Evvy was impressed. None of the gang people she knew had the sense to think of things like this. They were too tied up with honor and protecting their ground.

“They want us to join and I don’t want anybody else dying,” said a male voice. “Hands. For joining?” Most of the walking Camelguts’ hands rose. Other hands were raised as the kids in beds, those who were awake, cast their vote.

“Come on,” Briar told Evvy, disgusted. “I’d've fought till the end of time before joining a gang that killed a mate of mine. We’re finished here.” He waved to those of the gang who looked at him, and led Evvy out into the open air.

She followed, dazed. Was it possible she’d been wrong, that he really had belonged to a gang once? That was just the kind of thing she’d expect a gang boy to say.

It was the first time that Ikrum Fazhal had visited Lady Zenadia doa Attaneh’s home before sunset, but she had ordered that he was to come the moment there was word on the Camelgut matter. As her expressionless servants admitted him through the tradesmen’s gate and led him to the patio and garden where the lady usually saw him, Ikrum wondered what they made of her interest in thukdaks like the Vipers. He could tell that they were as much in awe of her as he was, or they would have found their own w

ays to end his visits.

They left him standing before the couch where she usually sat. They had placed a pitcher of wine, a cup, and a bowl of fruit there for her. Ikrum was not even tempted to help himself. The one time he’d been so bold, he’d discovered that she carried a thin, bladed crop in her expensive draperies. It had left a broad scar across the back of his right hand, right between his Viper initiation scars.

Sometimes he wondered what would have happened if he and some other Vipers hadn’t mistaken her for an overpriced prostitute wandering the Grand Bazaar one night.
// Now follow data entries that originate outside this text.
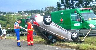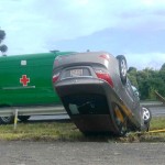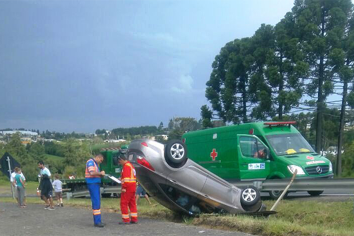 No final da tarde de domingo (22) por volta das 17 horas um automóvel marca Hyundai – modelo Accent que tinha placas do Paraguay acabou capotando na BR 277, próximo ao local conhecido como Roda Verde, entre os bairros do Rocio 1 e 2 em Palmeira.
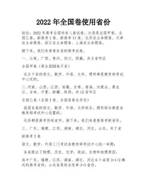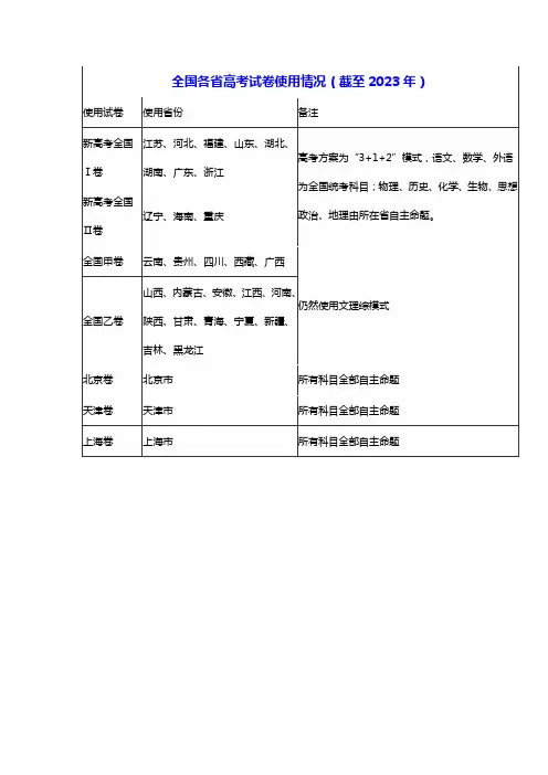 表二全国各省、市、区进入新课改时间一览表使用新课标卷1的省份篇二《2013年高考使用“新课标全国卷”省份(分数线数据对比)》2013年高考使用“新课标全国卷”省份(分数线数据对比)2013年高考全国卷分三种,一种是新课标全国Ⅰ卷(作文关于“经验与勇气”的省份)、一种是新课标全国Ⅱ卷(作文材料关于“同学间的人际关系”的省份)、一种是广西仍在使用的大纲版全国卷。
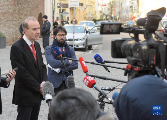 12月3日,在奥地利维也纳,欧盟对外行动署副秘书长莫拉(左一)在伊朗核问题全面协议联合委员会政治总司长级会议后接受采访。新华社记者郭晨摄
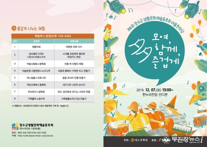 이번 행사는 ‘多 즐겁게 나누는 체험’과 ‘多함께 여는 공연’으로 나뉘어 진행되며 나누는 체험에는 첫물차회의 따뜻한 차와 다식, 장수캘리그라피·장수in프랑스자 동호회의 사과를 포장한 캘리 네임카드, 바늘한땀 사랑한땀·느티나무의 리스만들기, 바느질돌·아로니아의 얼굴 코사지 인형 만들기, 가죽홀릭·꼼지락의 가죽필통 및 카드지갑 만들기 등 16개 동호회의 9가지 체험 프로그램이 진행된다. 체험비는 1000원이며 현장에서 체험쿠폰 구매 후 사용하면 된다.
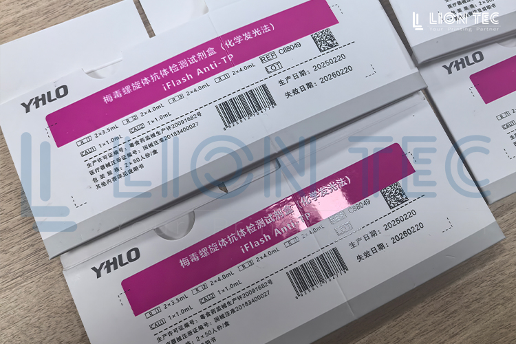 精準標識:噴印試劑盒的名稱、生產日期、批號、二維碼、DM碼等信息,確保標識清晰可讀。

They’d grabbed her and dragged her into a nook between closed stalls, meaning to strip her of her jewels and her silks. Instead they had discovered her shadows, the armsmaster and the mute, and the lady’s own tiny dagger, which she laid against the big vein under Ikrum’s jaw. He had thought he was dead. Then he had told her, “Cut hard and fast and get it over with,” and she began to laugh.

She liked his courage, she had said. She took him to a shop that sold coffee, buying him pastries and cups of that bitter, expensive drink. Her armsmaster and the mute sat Ikrum’s friends on the carpets in front of the shop and kept them from running away.

Terror-sweat poured from his body when he had learned that she was the amir’s aunt, a lady from one of the great noble houses. He saw his headless corpse and those of his friends dangling from Justice Rock. Instead of calling the Watch, she asked about him and the Vipers.

She asked and listened so well that Ikrum found himself telling her his troubles. He even talked of the slight he had been dealt by the city’s richest and most powerful gang, the Gate Lords, who held all the territory between the Grand Bazaar, Golden House, and the Hajra Gate. Ikrum had foolishly fallen in love with the sister of the Gate Lords’ tesku, or leader. The tesku had told Gate Lords and Vipers alike that he would never allow his sister to go with the tesku of a pack of glorified errand boys.